Work order: Your task is to transcribe the lines from the start of the data below through the line containing "Ludwig Uhland (1787–1862), Dichter", inclusive, exactly as they stand and without the pictures.

Dataset excerpts:
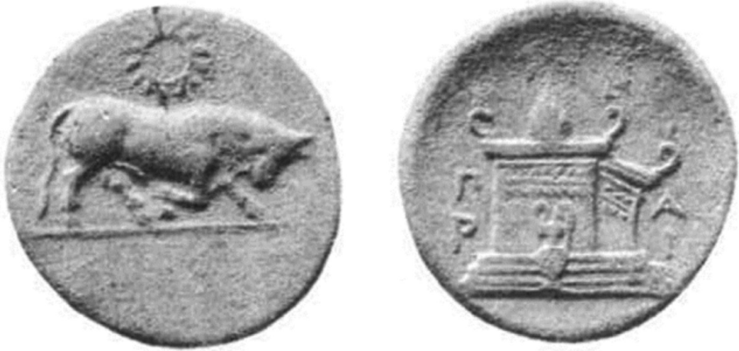
Resim 1: Sunak Betimli Parion Sikkesi (BMC Mysia, Parium 40).

Hellespontos'dan sonra Propontis'in ilk kentlerinden olan Parion, bugün Çanakkale, Biga, Ke-mer köyünün hemen kuzeyinde yer alır. Kentte bugüne kadarki çalışmalarla Arkaik ve Klasik Dönem'e dair bulgular elde edilmiş olmasına rağmen mimari yapı ve epigrafi alanında pek veri yoktur. Antik kaynaklardan öğrenildiğine göre yakınlarındaki Adrasteia'da bulunan Apollon Aktaios ve Artemis [- -] 4 kutsal alanın blokları ile Parion'da bir stadion genişliğinde bir sunak inşa edilmiştir (Strab. XIII.1.13, X.5.7). Modern kaynaklarca bu inşa faaliyetinin M.Ö. 4. yüzyılda yapılmış olacağı, MÖ 4. yüzyılın ikinci yarısına tarihlenen bronz sikkelere (BMC Mysia, Parium 40 vd.) (Resim 1) dayandırılarak ileri sürülür (Avram, 2004, s. 992).
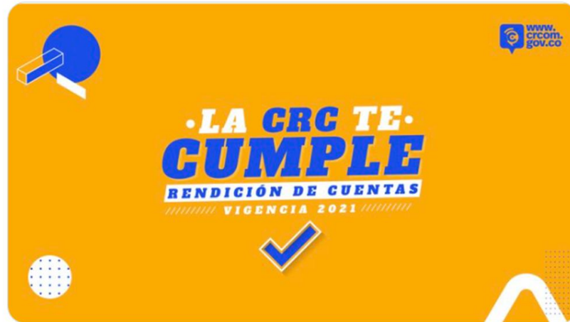
Paola A. Bonilla y 7 más

CRC Colombia @CRCCol · 20 oct. ... Iniciamos nuestra rendición de cuentas vigencia 2021 #CRCTeCumple , para seguirla en directo ingresa a nuestro canal de Youtube youtube.com/watch?v=kj24ou... o en Facebook fb.me/e/5IVIdttuv
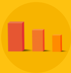
AJUSTE DE SENSIBILIDADE
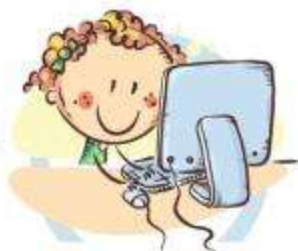
2. ПОЛОЖЕНИЕ МОНИТОРА
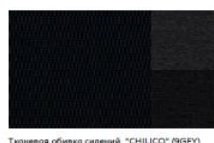
Тканевая обивка сидений "CHILICO" (9GFY)
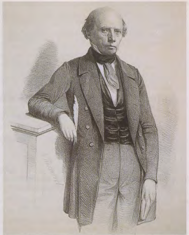
Ludwig Uhland (1787–1862), Dichter und Professor für deutsche Sprache und Literatur in Tübingen, Abgeordneter im Stuttgarter Landtag, Delegierter in der Frankfurter Nationalversammlung.

Gewiß, die Situation in Württemberg unter König Wilhelm I. (1816–1864) war im Revolutionsjahr 1848 eine andere als im benachbarten Baden unter Großherzog Leopold (1830–1852), dessen «große Liberalität» zwar auch weitgehend erzwungen war, aber eher aus Unentschlossenheit und Ängstlichkeit resultierte, und der am Ende keinen anderen Ausweg mehr sah, als sich unter den Schutz preussischer Truppen zu flüchten. Das blieb den Württembergern erspart, ein heimlicher Triumph sowohl für den König als auch für die Märzregierung, die freilich wenig später, nachdem der Mohr seine Schuldigkeit getan hatte, am 28. Oktober 1849 gehen mußte.
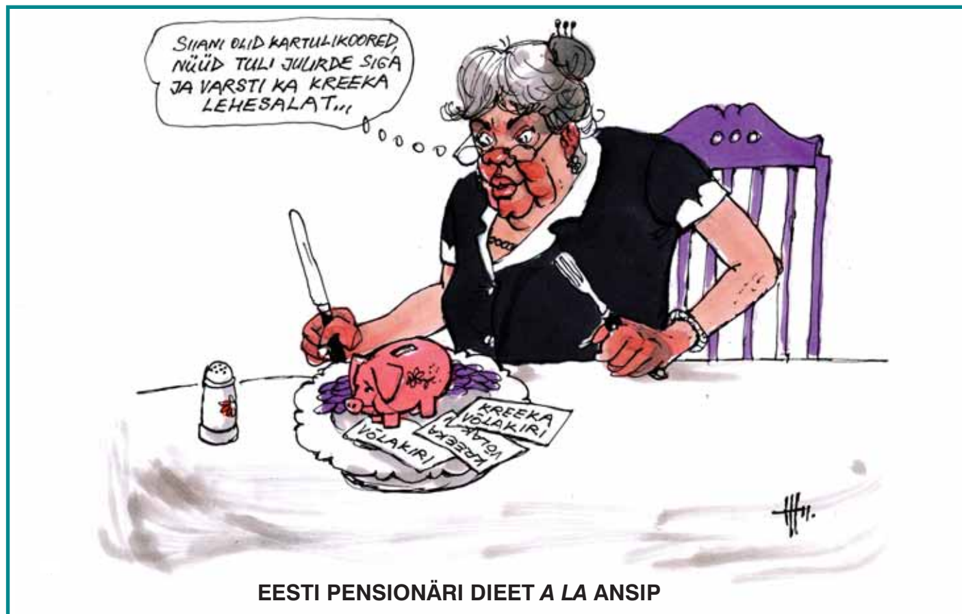
EESTI PENSIONÄRI DIEET A LA ANSIP
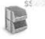
Caixa Plástica Número 5
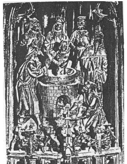
SAINT GEORGES EST MIS DANS UNE CHAUDIERE
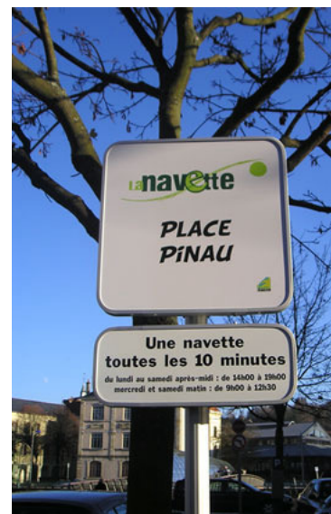
Illustration 3 : Un poteau d'arrêt

Des contrôleurs passent de temps en temps dans le véhicule pour vérifier que tout se passe bien et rassurer les usagers, même si aucun contrôle n'est effectué du fait de la gratuité du système.
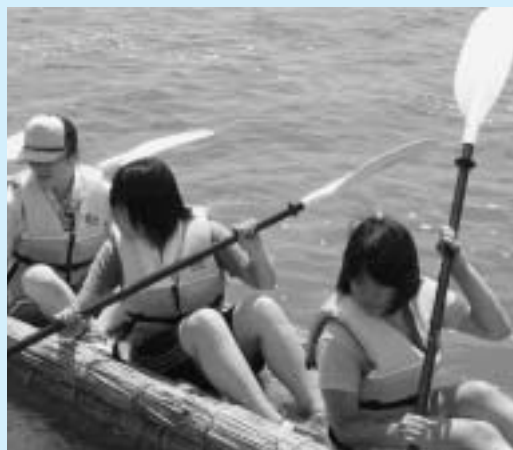
ヨシ(アシガヤ)船で岩木川クルーズ
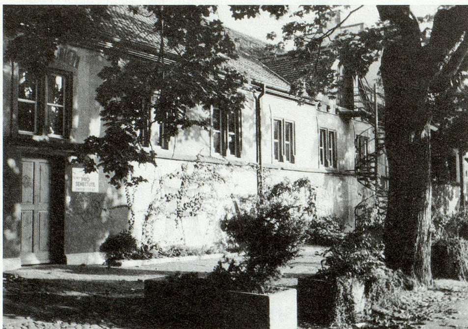
Der ehemalige Pferdestall der Basler Kaserne wird zum beliebten Seniorentreffpunkt.
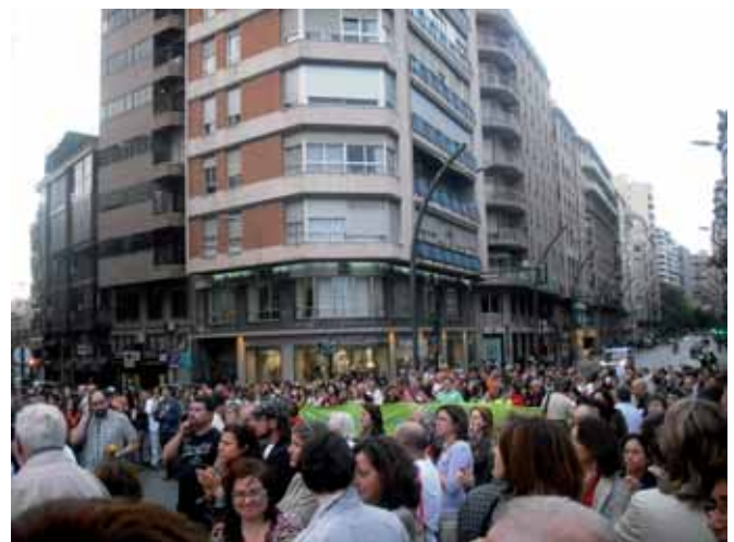
Miles de manifestantes ocuparon de nuevo las calles de la capital

Un par de meses más tarde, el 11 de mayo, la ciudad de Lorca sufrió el mayor terremoto de su historia, de 5, 1º en la escala de Richter, y que dejó 9 víctimas mortales, además de a más de 600 familias sin techo. Tan sólo cuatro días más tarde, el 15 de mayo, UGT , CCOO y la Intersindical firmaron un manifiesto en el que se hacía hincapié en la extraordinaria labor llevada a cabo, desde el primer momento, por el colectivo de empleados públicos de Lorca. Un manifiesto, al que posteriormente se adhirieron más de diez organizaciones sociales y del que se hizo lectura el 17 de mayo en la Plaza Martínez Tornel de la capital murciana, donde los tres sindicatos llevaron a cabo una concentración con tres minutos de silencio en honor a las víctimas.

Answer space:
Resim 1: Sunak Betimli Parion Sikkesi (BMC Mysia, Parium 40).

Hellespontos'dan sonra Propontis'in ilk kentlerinden olan Parion, bugün Çanakkale, Biga, Ke-mer köyünün hemen kuzeyinde yer alır. Kentte bugüne kadarki çalışmalarla Arkaik ve Klasik Dönem'e dair bulgular elde edilmiş olmasına rağmen mimari yapı ve epigrafi alanında pek veri yoktur. Antik kaynaklardan öğrenildiğine göre yakınlarındaki Adrasteia'da bulunan Apollon Aktaios ve Artemis [- -] 4 kutsal alanın blokları ile Parion'da bir stadion genişliğinde bir sunak inşa edilmiştir (Strab. XIII.1.13, X.5.7). Modern kaynaklarca bu inşa faaliyetinin M.Ö. 4. yüzyılda yapılmış olacağı, MÖ 4. yüzyılın ikinci yarısına tarihlenen bronz sikkelere (BMC Mysia, Parium 40 vd.) (Resim 1) dayandırılarak ileri sürülür (Avram, 2004, s. 992).
Paola A. Bonilla y 7 más

CRC Colombia @CRCCol · 20 oct. ... Iniciamos nuestra rendición de cuentas vigencia 2021 #CRCTeCumple , para seguirla en directo ingresa a nuestro canal de Youtube youtube.com/watch?v=kj24ou... o en Facebook fb.me/e/5IVIdttuv
AJUSTE DE SENSIBILIDADE
2. ПОЛОЖЕНИЕ МОНИТОРА
Тканевая обивка сидений "CHILICO" (9GFY)
Ludwig Uhland (1787–1862), Dichter und Professor für deutsche Sprache und Literatur in Tübingen, Abgeordneter im Stuttgarter Landtag, Delegierter in der Frankfurter Nationalversammlung.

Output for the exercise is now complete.